One of the still lifes created in Versailles is the painting The Hare . It is part of a series of four still lifes, each consisting of two hunting and two plant motifs. In addition to The Hare, Manet painted another animal hanging on a nail with the Dead Eagle Owl ( Foundation EG Bührle Collection , Zurich). In both pictures, the nature morte , the subject of transience in still life painting, is made clear by the motif. While the dead eagle owl is more clearly executed based on the trompe l'œil painting, the painting of The Hare remains “virtuoso impressionistic” and is based on models such as Frans Hals and Diego Velázquez in the brushstroke . The other two pictures in the series are the garden pictures bindweed and nasturtium ( McNay Art Museum , San Antonio) and Gartenecke (private collection), both of which are in a fleeting style. Only the painting Dead Eagle Owl was signed by Manet - a sign that he thought this painting was completed.
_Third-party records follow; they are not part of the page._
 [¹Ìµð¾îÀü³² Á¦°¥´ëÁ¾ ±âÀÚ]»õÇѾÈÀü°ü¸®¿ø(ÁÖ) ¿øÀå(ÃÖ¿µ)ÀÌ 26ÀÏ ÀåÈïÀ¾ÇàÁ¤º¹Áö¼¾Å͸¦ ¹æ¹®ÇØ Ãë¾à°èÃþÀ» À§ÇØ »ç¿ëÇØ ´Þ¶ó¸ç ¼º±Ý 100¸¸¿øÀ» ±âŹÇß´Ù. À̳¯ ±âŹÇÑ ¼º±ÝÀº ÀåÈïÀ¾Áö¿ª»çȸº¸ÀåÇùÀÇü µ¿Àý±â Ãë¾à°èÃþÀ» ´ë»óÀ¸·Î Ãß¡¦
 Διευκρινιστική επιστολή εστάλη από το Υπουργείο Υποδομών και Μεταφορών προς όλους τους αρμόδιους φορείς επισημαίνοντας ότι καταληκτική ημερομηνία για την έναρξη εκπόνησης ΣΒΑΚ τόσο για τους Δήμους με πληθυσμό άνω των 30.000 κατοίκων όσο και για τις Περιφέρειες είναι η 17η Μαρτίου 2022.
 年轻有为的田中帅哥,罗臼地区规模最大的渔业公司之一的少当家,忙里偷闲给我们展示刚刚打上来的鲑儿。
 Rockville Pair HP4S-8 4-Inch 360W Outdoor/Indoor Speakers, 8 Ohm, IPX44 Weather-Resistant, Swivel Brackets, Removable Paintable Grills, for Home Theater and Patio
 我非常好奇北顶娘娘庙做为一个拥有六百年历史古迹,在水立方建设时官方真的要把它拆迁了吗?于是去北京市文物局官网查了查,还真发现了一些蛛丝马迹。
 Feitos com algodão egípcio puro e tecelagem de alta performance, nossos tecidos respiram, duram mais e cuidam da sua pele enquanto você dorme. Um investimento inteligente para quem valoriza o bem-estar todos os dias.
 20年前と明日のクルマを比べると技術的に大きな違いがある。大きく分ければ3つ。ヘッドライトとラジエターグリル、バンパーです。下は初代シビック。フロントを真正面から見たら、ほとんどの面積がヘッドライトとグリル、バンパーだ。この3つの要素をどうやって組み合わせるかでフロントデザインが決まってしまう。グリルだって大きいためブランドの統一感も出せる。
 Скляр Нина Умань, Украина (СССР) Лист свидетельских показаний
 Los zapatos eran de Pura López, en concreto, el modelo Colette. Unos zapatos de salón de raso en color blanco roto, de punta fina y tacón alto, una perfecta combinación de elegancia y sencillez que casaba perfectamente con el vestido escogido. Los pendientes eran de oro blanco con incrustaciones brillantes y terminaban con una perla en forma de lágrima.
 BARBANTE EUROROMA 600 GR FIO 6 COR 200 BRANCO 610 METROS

As early as 1866 Manet created the painting The Rabbit ( Musée Angladon , Avignon). The picture, based on a model by Jean Siméon Chardin , has motifs similar to The Hare , but differs significantly in its execution. While the rabbit still in the style of realism was executed, shows the hare the free brushwork of Manet's later work.

Provenance

The painting The Hare was in his possession until Manet's death. At the estate auction on February 4 and 5, 1884 in the Hôtel Drouot , Manet's friend Emmanuel Chabrier bought the painting for 310 francs . After his death, the picture was put up for auction again at the Drouot auction house and was acquired on March 26, 1896 for 1000 francs by the art dealer Paul Durand-Ruel . He sold the work on October 31, 1896 to the art collector WR Green. It is unclear whether the painting was subsequently in the possession of the art collector Alphonse Kann . The politician and writer Denys Cochin is known as the next owner . In 1917, the painting finally moved to the art dealer Bernheim-Jeune in the possession of the Welsh art collector Gwendoline Davies . She bequeathed the painting to the National Museum Cardiff, whose collection it has been part of since 1952.

literature

  • Edouard Manet: Letters . German translation by Hans Graber. Benno Schwabe Verlag, Basel 1933.
  • Denis Rouart, Daniel Wildenstein : Edouard Manet: Catalog raisonné . Bibliothèque des Arts, Paris / Lausanne 1975.
  • Peter Hughes, Penny Stamp: French Art from the Davies Legacy . National Museum of Wales, Cardiff 1982, ISBN 0-7200-0237-0 .
  • George Mauner: Manet - the still life paintings . Harry N. Abrams, New York 2000, ISBN 0-8109-4391-3 .
  • Ina Conzen: Edouard Manet and the Impressionists . Hatje Cantz, Ostfildern-Ruit 2002, ISBN 3-7757-1201-1 .
  • Gerhard Finckh (ed.): Edouard Manet . From the Heydt Museum, Wuppertal 2017, ISBN 978-3-89202-098-1 .

Web links

Individual evidence

  1. ^ German title for example in Gerhard Finckh : Edouard Manet. 2017, p. 193.
  2. ^ French title La lièvre according to the catalog raisonné by Denis Rouart, Daniel Wildenstein: Edouard Manet: Catalog raisonné. Volume 1, 1975, p. 143, No. 376.
  3. ^ Ina Conzen: Edouard Manet and the Impressionists. 2002, p. 151.
  4. ^ Edouard Manet: Letters. 1933, p. 105.
  5. ^ Edouard Manet: Letters. 1933, p. 106.
  6. a b Peter Hughes, Penny stamp: French art from the Davies legacy. 1982, p. 28.
  7. George Mauner: Manet - the still life paintings. 2000, p. 175.